乙郎さん

エル ELLEの乙郎さんのレビュー・感想・評価

エル ELLE(2016年製作の映画)
2.5
 ポール・バーホーベンの長編としては10年ぶりとなる作品。

 バーホーベンがやってくる。やあ、やあ、やあ。
 ポスターの無表情な女ににらまれた瞬間から映画経験は始まっているのだ。

 物語はイザベル・ユベール演じるゲーム会社の社長・ミシェルが正体不明の男に強姦されるところから始まる。
 かといって、この映画は復讐を題材にした映画に舵を取るでもなく、犯人探しのミステリーにも転がっていかない。
 事件が起こったからには、登場する男すべて疑いの目で見るほかないのだが、男はそろいもそろって駄目なやつばかり。
 つまり、このあたりは決して観客の求めるわかりやすい娯楽映画としては進んでいないわけです。まあ、それがバーホーベンなわけですが。
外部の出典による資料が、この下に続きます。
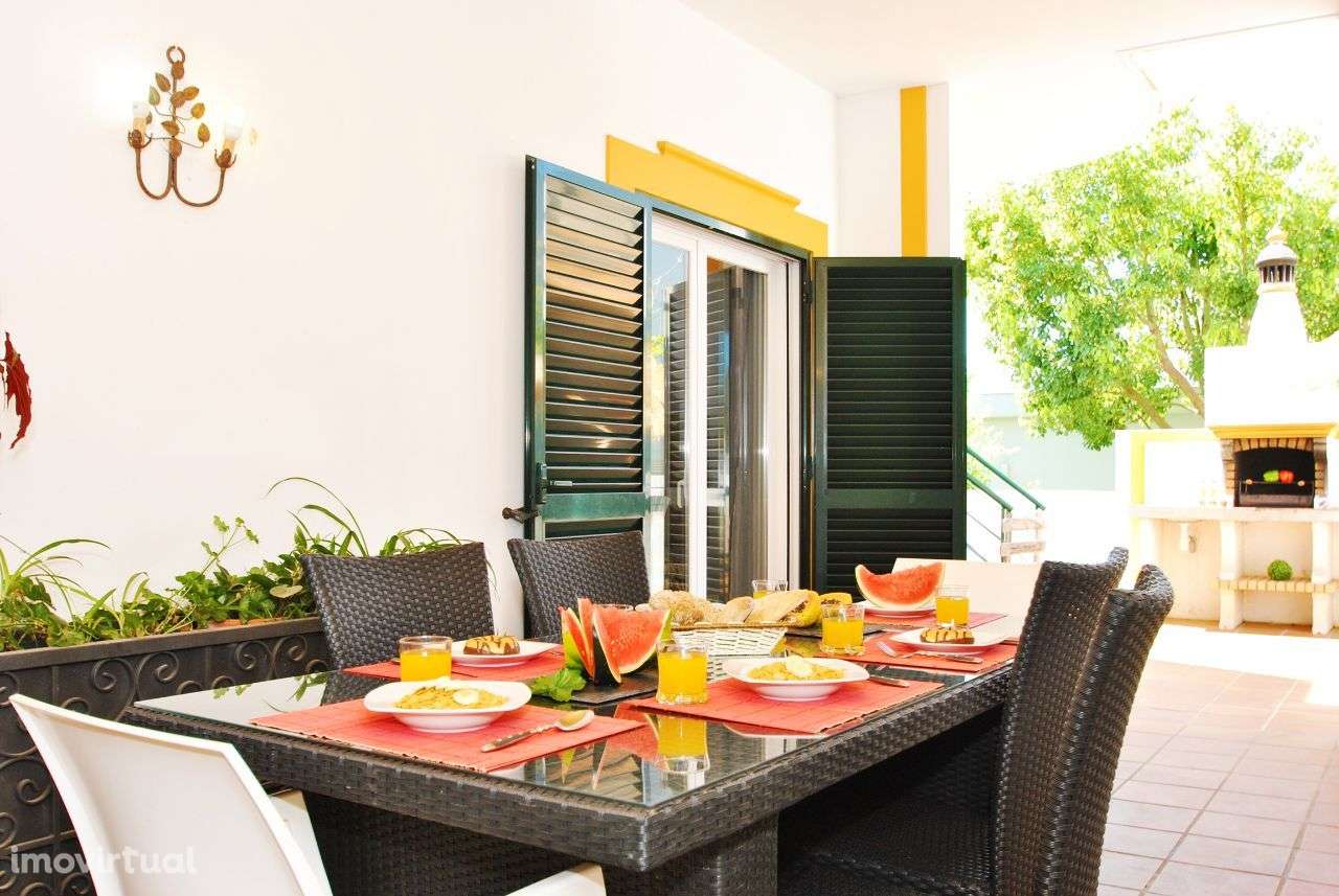 A propriedade está completamente murada com um portão de pedestres que leva à entrada. A piscina privada (aquecida como extra opcional) é cercada e virada a sul, localizada na frente da propriedade. A sala de jantar ao ar livre e o churrasco tradicional do Algarve permitem desfrutar de refeições de verão ao ar livre.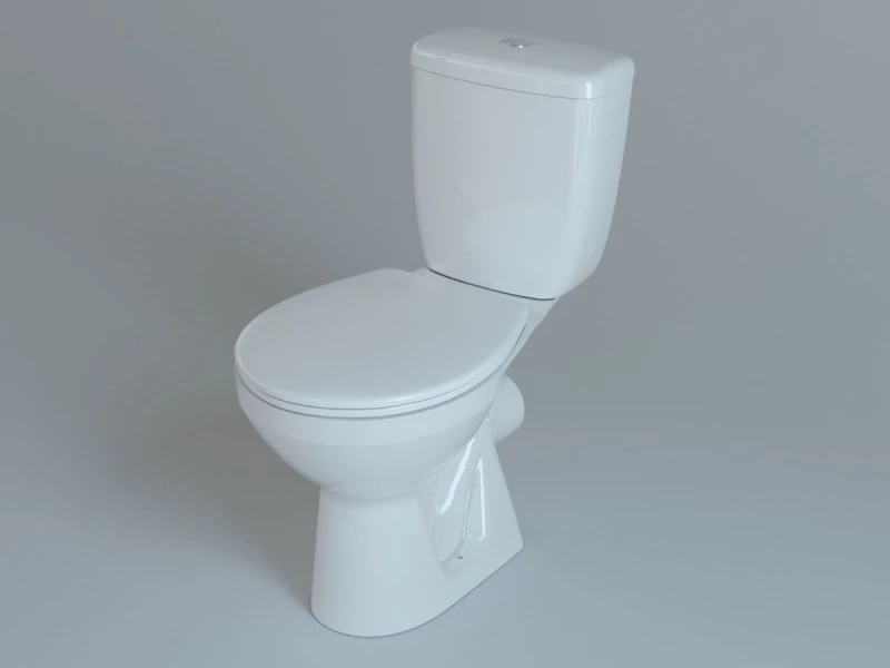 Унитаз компакт с косым выпуском, нижнем подводом воды и полипропиленовым сиденьем в комплекте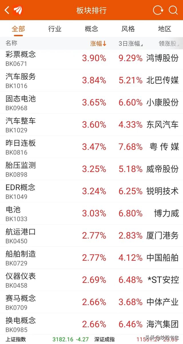 行业板块上:彩票、汽车、锂电、航运港口等板块涨幅居前;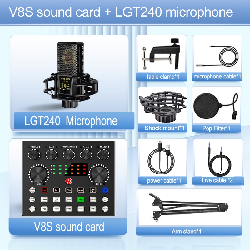Premium suit V8 sound card V8S, for live stream and recording with condenser microphone complete set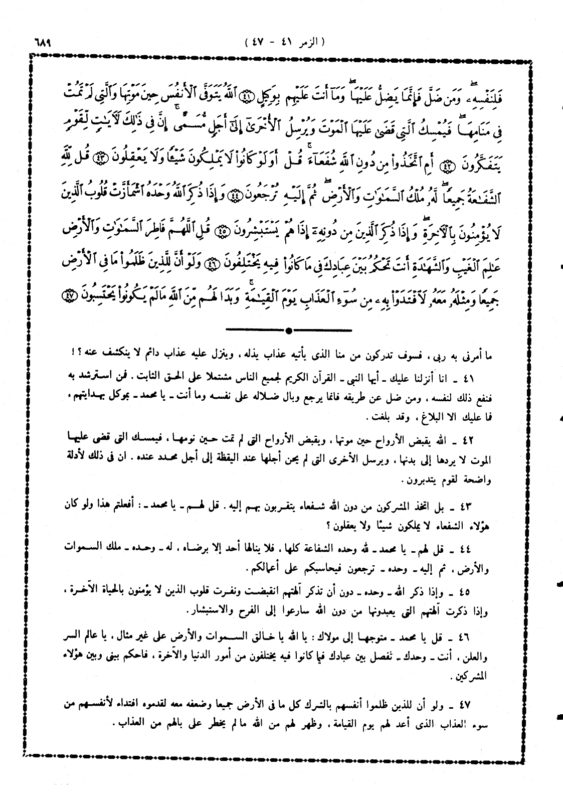 42 - الله يقبض الأرواح حين موتها، ويقبض الأرواح التى لم تمت حين نومها، فيُمسك التى قضى عليها الموت لا يردها إلى بدنها، ويُرسل الأخرى التى لم يحن أجلها عند اليقظة إلى أجل محدد عنده. إن فى ذلك لأدلة واضحة لقوم يتدبرون.

 僕がこの映画で特徴的だと感じたのが、最初観たとき人物の間の関係性がとにかくつかみにくいところ。
 たとえば、最初にミシェルの息子(ジョナ・ブロケ)が出てきたとき、『ピアニスト』('01)のユベールのイメージも相まって、年の離れた恋人なのかなーと思えてくる。ロベール(クリスチャン・ベルケル)との関係性も、単なるセックスフレンドなのかなと思っていたら、親友の夫との不倫だったというかなりゲスな事実が追って示される。母親のアイリーンが整形を重ねて極端な若づくりをしているがために、ミシェルと親子に見えないというのはその最たるものだろう。
 あと、関係性をつかみにくくしている理由の一つに、あまり会話が成立していないところもある。ミシェルとか、本当に人の話に答えるという話術をしていない。

 このように、関係性がつかみづらい中で、ミシェルは倫理的ではない生い立ち(殺人者の娘であり物ごころつかないうちに世間の奇異の目にさらされた)を経て、本人も非倫理的な行為の真っただ中にいる中で、非倫理的な欲望を具現化して大衆に売りつける仕事をしている、というのが大きな流れとなる。
 そのさなかで、表面化していない「非倫理的なこと」というのがいつくもあるのだけれども、それが真昼の闖入者によって白日のもとにさらされ、ミシェル自身が非倫理的なものと折り合いをつけていく、というのが物語の構造となるのだろう。

 こう考えると、ポール・バーホーベンというのは、画面に映るものの下世話さとは対比的に、倫理的な作家といえるのかもしれない。

 僕自身は、終盤に行くに従って収まっていく感じに、多少物足りなさを感じたのも事実である。